There is, of course, no
explicit storyline behind these songs. And they are surely in the folk mode
evocating the simple and passionate love of Yenki for her Naidu baava, but they are not merely folklore!
There is a certain amount of extravagance of dreams in the
love of Yenki and her Naidu baava,
the pastoral hero and heroine, before which everything else turns dim. A
scintillating music pervades the lyrics: the lines are soft, harmonious,
impressive, all wrapped in a bloom of beauty. It lingers more in our memories:
every word in it evokes an indefinite power of love.

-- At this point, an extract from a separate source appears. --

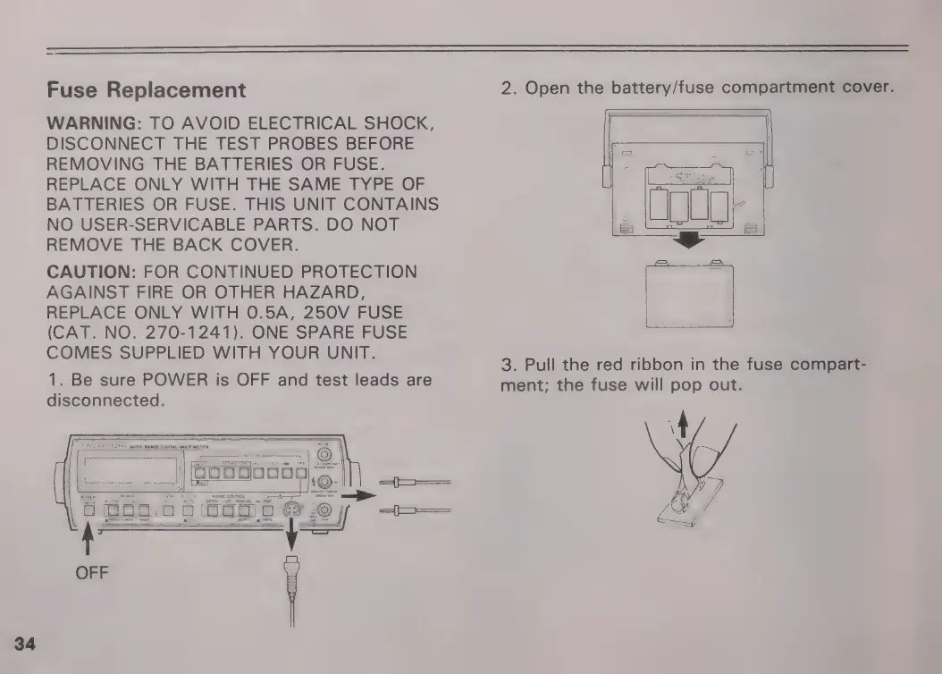 Micronta 22-195A - FUSE REMOVAL PROCEDURE; Fuse Removal Procedure

In Nanduri’s Telugu, there is rustic power of love. There are
lines in his songs, for that matter in most of them, that there echoes “A
pleasurable feeling of blind love.” They air the longings of lovelorn common
folks in an unaffected simplicity expressed through colloquialisms and
localisms of their speech and yet sound universal. Their passionate ecstasies (“kookundaneeduraa koosinthaseepu! —Doesn’t allow
me to relax a while!”) and
silent exultations (“Thrills me immensely my Yenki”) dwell in our memories. Their echo haunts us. But if we try to
analyze them, their charm becomes elusive.

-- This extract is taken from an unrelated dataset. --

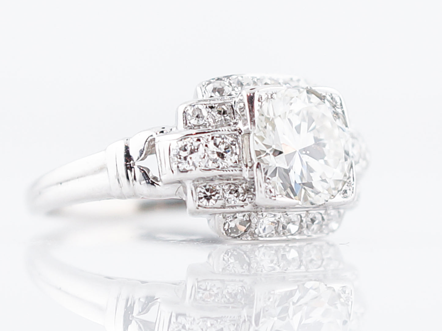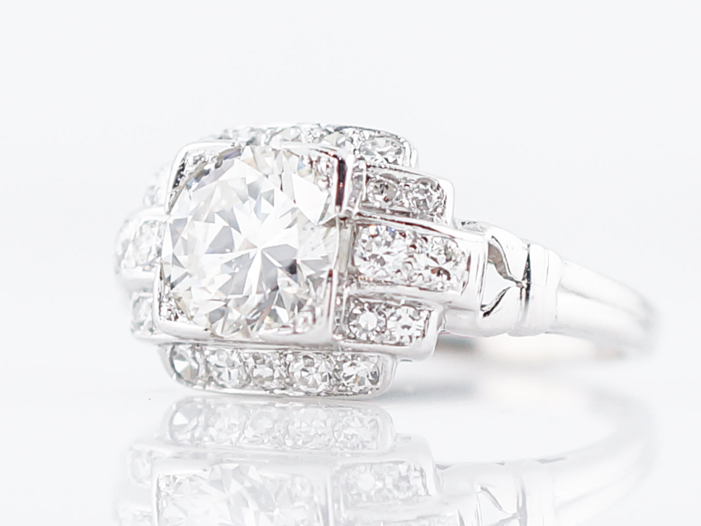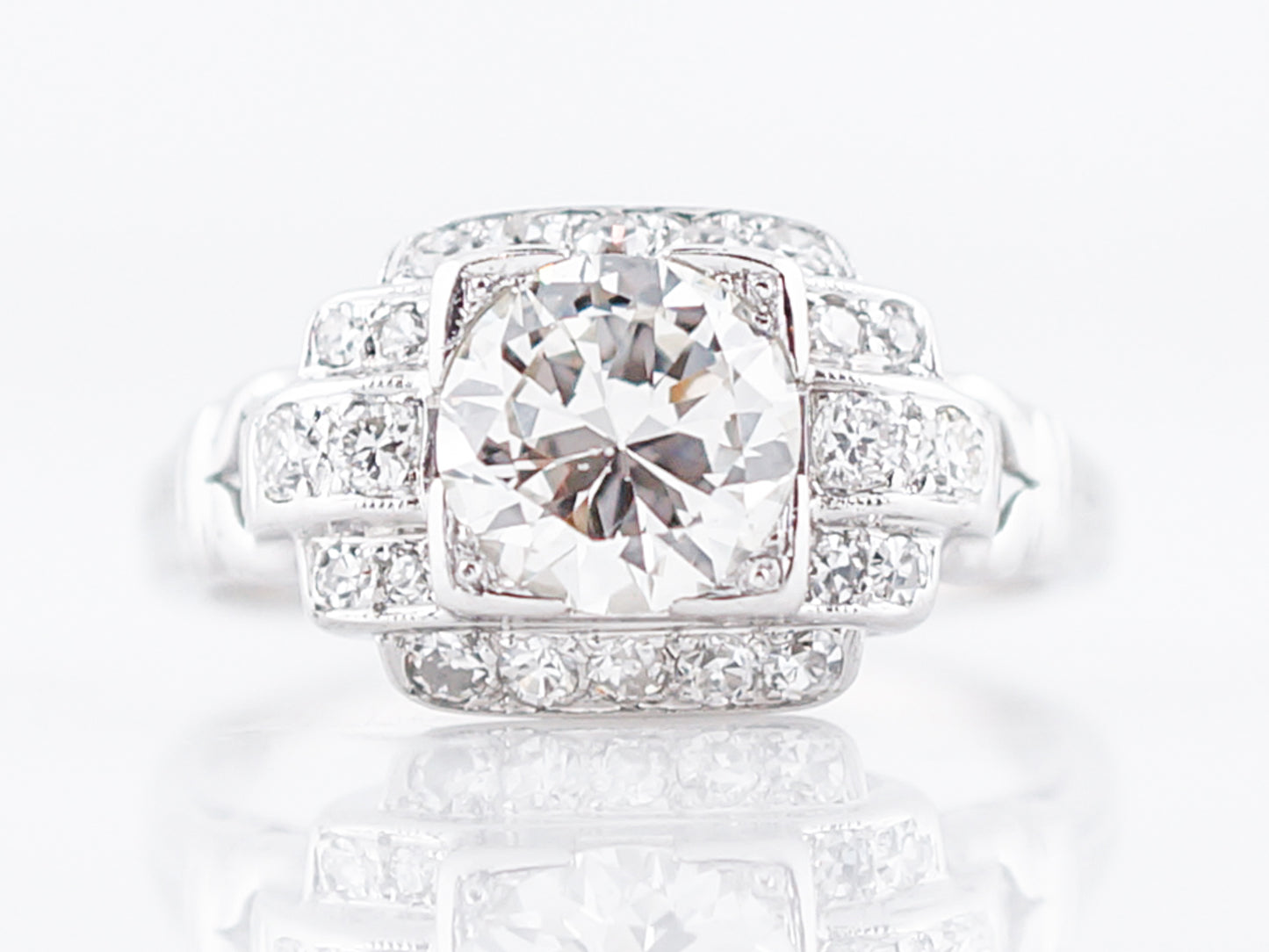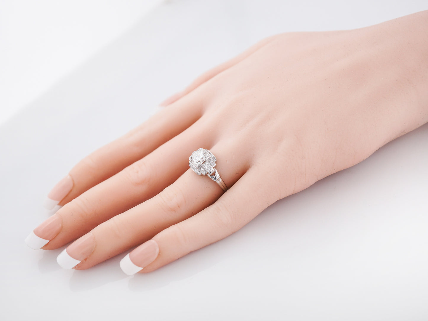 Antique Engagement Ring Art Deco .99 Round Brilliant Cut Diamond in 18k White Gold

With his prowess of fancy,
animation and eloquence, Nanduri made the young read and reread Yenki with the
eagerness of youthfulness. His sheer craft of lyrical expression that is ever
soaring, ever singing of love made their popularity unbounded. They are long
remembered. They retain a hold even on mature men more because these songs
remind them of their youth and they delineate “Such sights as youthful poets
dream / On summer eves by haunted stream”.
The
hovering air of power and beauty that the words really have is difficult to
perceive rightly even by the natives, for the sentiments expressed by these
words are “clothed in white samite, mystic and wonderful.”
Yenki is
simple but not too simple. She is ardent but not artless: “When I call her
playfully ‘little rascal’, / She diverts the talk, as though heard not.” She is
loving but not un-suspecting. She is devoted to Naidu baava but exacting in her demands: “Give me a guileless heart! /
And then be happy.” She talks with her eyes. She mocks at him with her
eyebrows. “Even to the palace of kings” she simply “Adds color and glow!” Indeed,
“spreads grace all around”.
For Naidu “There is no lass like Yenki”, for she
“melts his heart” and even “chews and swallows.” She is not a mere queen of
Naidu’s heart but a goddess. For, she
“comes so softly!
…
In the
fullness of moonlight
She comes
enchantingly
In a bright
blue saree
My Enki
flashes beauty
And seems
the forest fairy!”
Every expression of Yenki is so endearing for
Naidu that he ignores no opportunity to marvel at and be amused by her
innocence. When he once asks her, “Who could we have been / in the previous
birth”, Yenki smiles shyly. When he
asks, “What form will we take in the next birth”, she gets confused. And
lastly, as he poses that ultimate question, “How long will this / Joy last”,
she sheds tears. Although these songs are steeped in romance, one cannot ignore
the profound philosophy suggested by that shy smile, confusion and the tears of
Yenki, for they emphasize the preciousness of the ‘time present’.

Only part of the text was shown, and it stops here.